The unicorn is a mythical beast, a symbol of supreme power. It is like a horse, but with cloven hooves and a long, single horn protruding from the middle of its forehead. The horn is reminiscent of the twisted tusk of a narwhal, and is made of ivory. The unicorn is sometimes depicted with a goat-like beard and sometimes with the hind legs of an antelope and the tail of a lion.

Ctesias, the fourth century BCE Greek historian, gives the earliest description of a unicorn. He states that in India there were wild white asses with a horn a cubit and a half in length. These beasts were coloured white, with blues eyes and red heads, and their horns were used to make drinking vessels that protected against poison. Aristotle also mentions the unicorn, as does Pliny. This belief in the efficacy against poison endured until the time of Charles II of England, when cups of rhinoceros horn were engraved with pictures of unicorns. In France, as late as 1789, instruments of "unicorn horn" were used to test royal food for poison.

The unicorn is found in the religion and sacred writings of Persia, in which it is described as having only one horn. The horn is spoken of as being hollow and made of pure gold.

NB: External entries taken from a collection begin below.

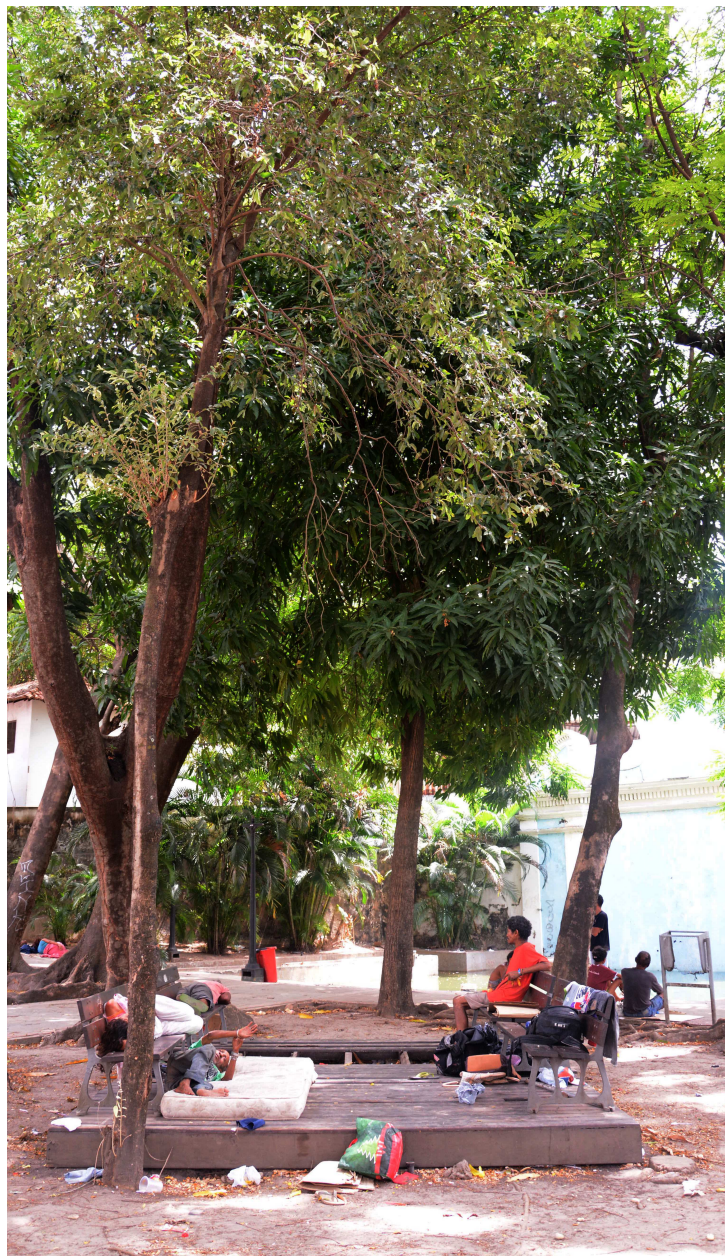
Suja e abandonada, Fonte das Pedras virou abrigo para os sem-teto da Ilha

A Fonte das Pedras foi edificada pelos holandeses entre 1641 e 1644, tem como principal identidade as carrancas em forma de peixes e de deuses. Ao longo da história, o local também serviu como base para as tropas de Jerônimo de Albuquerque durante o período de expulsão dos franceses da capital maranhense. Em 1963, a fonte foi tombada pelo Instituto do Patrimônio Histórico e Artístico Nacional (Iphan).
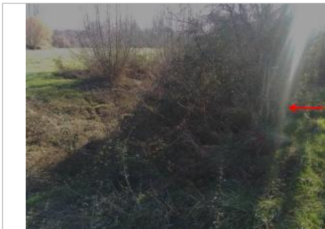
Végétation au bord de la D207
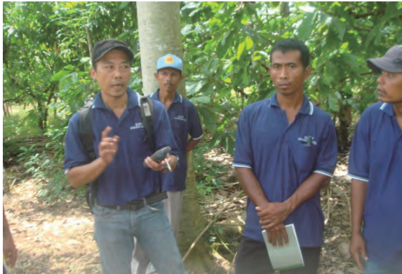
日時：2013年12月14日 場所：GMWT 内容：GPSの使用方法
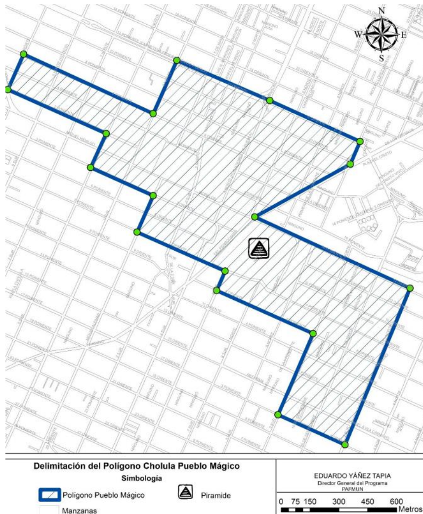
Figura 9. Polígono del Pueblo Mágico de Cholula 14

Otro proyecto que altero significativamente el espacio cholulteca y las practicas sociales fue el proyecto del Parque de las Siete Culturas en 2014, el cual pretendía transformar por completo el espacio físico de las inmediaciones de la pirámide “mejorando la imagen” y creando espacios recreativos, así como hoteles y hostales para el turismo. Sin embargo este proyecto fue ofuscado a medias gracias a la resistencia de los originarios quienes se opusieron a la implementación de dicho proyecto que atentaba contra el patrimonio y la cultura de los oriundos, pues la
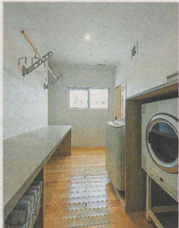
2階のインナー物干し。家族収納と浴室の間にあり、洗濯機と乾燥機を横並びにして家事効率を高めた
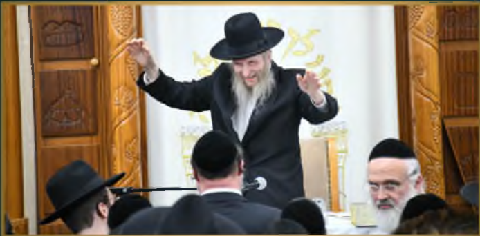
שמחת חג בסוכת מדרן הגרמ"ש אדלשטיין שליט"א
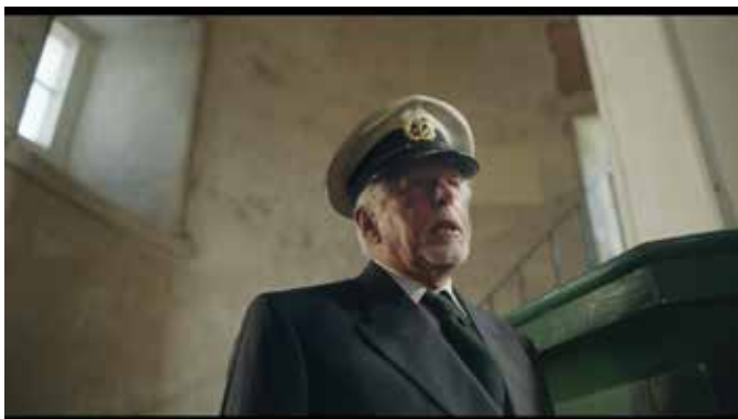
Captură ecran Keep

„Învăța să înveți” poate deveni o resursă cognitivă și emoțională extrem de prețioasă pentru a întâmpina orice revoluții tehnologice sau industriale ar putea veni în viitor.
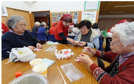
ハートラちゃんワッペンづくりをしながら交流
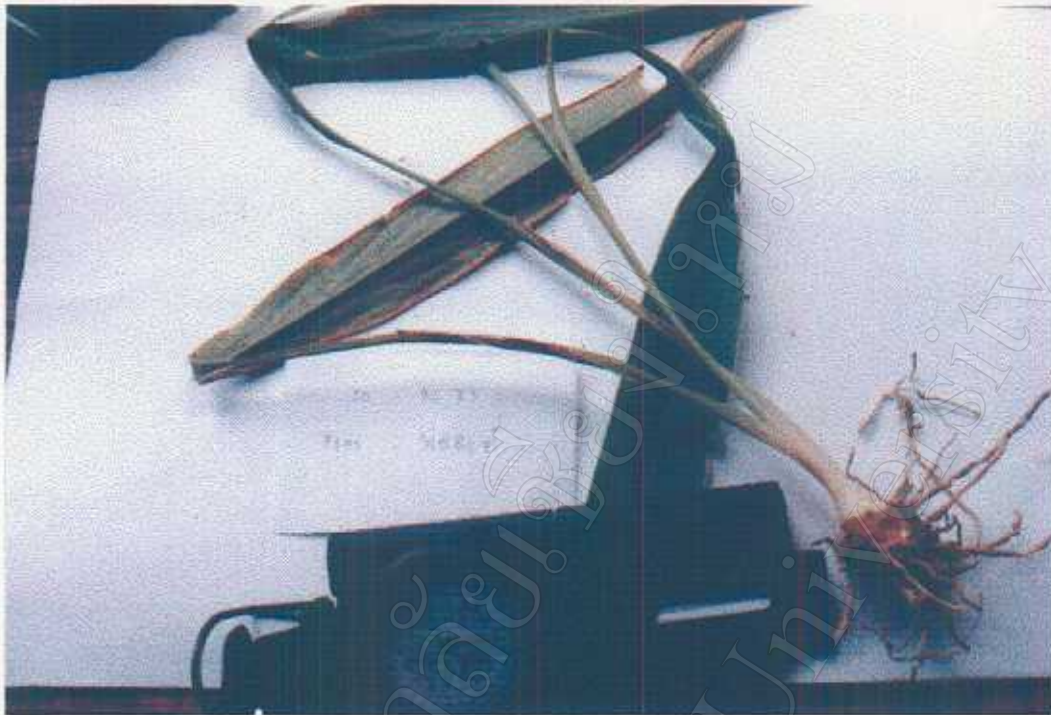
Alpinia malaccensis (Burm. F.) Rosc. Medicine
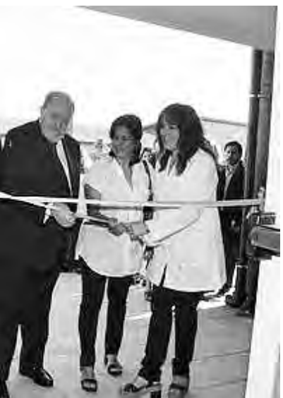
20.000.000 del Gobierno pampeano, se construye el Barrio 1.702 Viviendas de Santa Rosa.

El nuevo edificio, tiene una superficie cubierta de 600,00 m2, y en su progra-

Many Buddhist temples contain paintings and sculptures of unicorns and from Tibet the unicorn is thought to have spread to China, where it is known as the ki-lin. Ki means "male" and lin means "female." The unicorn is indeed thought to be both male and female, equated with hermaphrodite in alchemy and rich in the symbolism of opposites.

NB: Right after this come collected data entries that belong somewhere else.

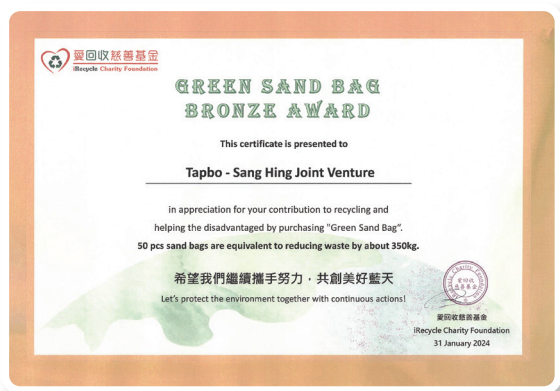
愛回收慈善基金綠沙包銅獎

本集團的努力得到了獎項及榮譽的認可。於報告期間內，本集團成功獲得愛回收慈善基金綠沙包銅獎及第29屆公德地盤嘉許計劃（工務工程—新建工程）優異獎。
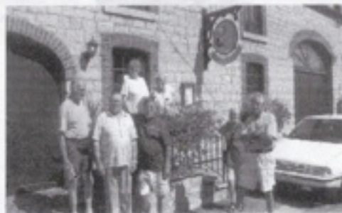
Het museum ter ere van de wielerkampioenen
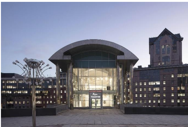
会場エントランス
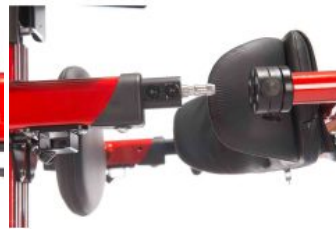
Soporte pélvico Tim
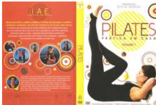
Figura 1: Modelo de Capa e Verso da capa.
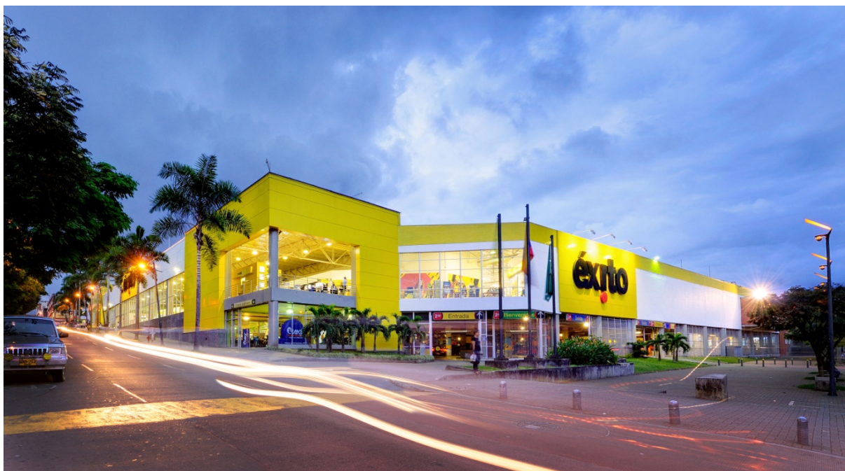
EXITO, Medellín, Colombie

Le résultat opérationnel courant du segment Latam Retail se maintient à un niveau élevé en dépit de l'effet de l'inflation des coûts et de l'effet change, dans un contexte de faible croissance du chiffre d'affaires. La marge se maintient à un niveau élevé grâce à de nombreux plans d'actions sur la marge et les coûts. Les performances de l'Argentine et l'Uruguay sont très soutenues.
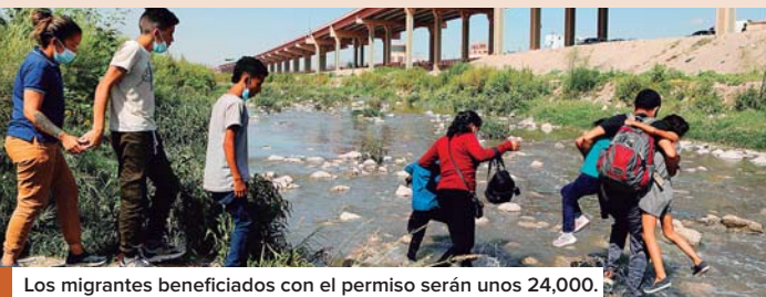
Los migrantes beneficiados con el permiso serán unos 24,000.

WASHINGTON, EFE. Estados Unidos inició ayer el proceso de solicitudes para acceder a los 24,000 permisos migratorios temporales para venezolanos, como parte del pacto cerrado con México para reducir los cruces de migrantes en la frontera. “Esperamos que este esfuerzo reduzca los números récord de venezolanos que buscan entrar de manera irregular a Estados Unidos”, explicó el Departamento de Seguridad Nacional (DHS).
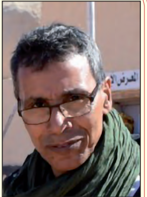
بقلم: حسان ميليد علي

ظهور النظام العالمي الجديد سيبدأ من تحديد علاقات دولية جديدة، ونزع فتيل صراعات وحروب وإعادة الحقوق إلى أهلها. لعل العولمة التي ظهرت مع هيمنة أحادية القطب، سنة 1991.
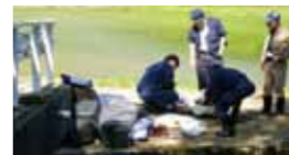
警察・不法投棄監視員による現場検証

The alchemist Lambsprinck's De Lapide Philsophico (Frankfurt, 1625) depicts a stag facing a unicorn. The text says: "A deer and a unicorn are hidden in the forest. Blessed can we call the man who artfully can capture and tame them." The forest is the body; the unicorn, the spirit (sulphur, male); the deer is the soul (mercury, female).

Stories of unicorns flourished in medieval times. A sixteenth-century tapestry depicts a young woman holding a mirror and petting a unicorn. The belief was that only a young virgin was innocent enough to capture the beast. Seated alone, in a forest under a tree, the unicorn would come to her and place its head in her lap. There it would permit her to caress it to sleep.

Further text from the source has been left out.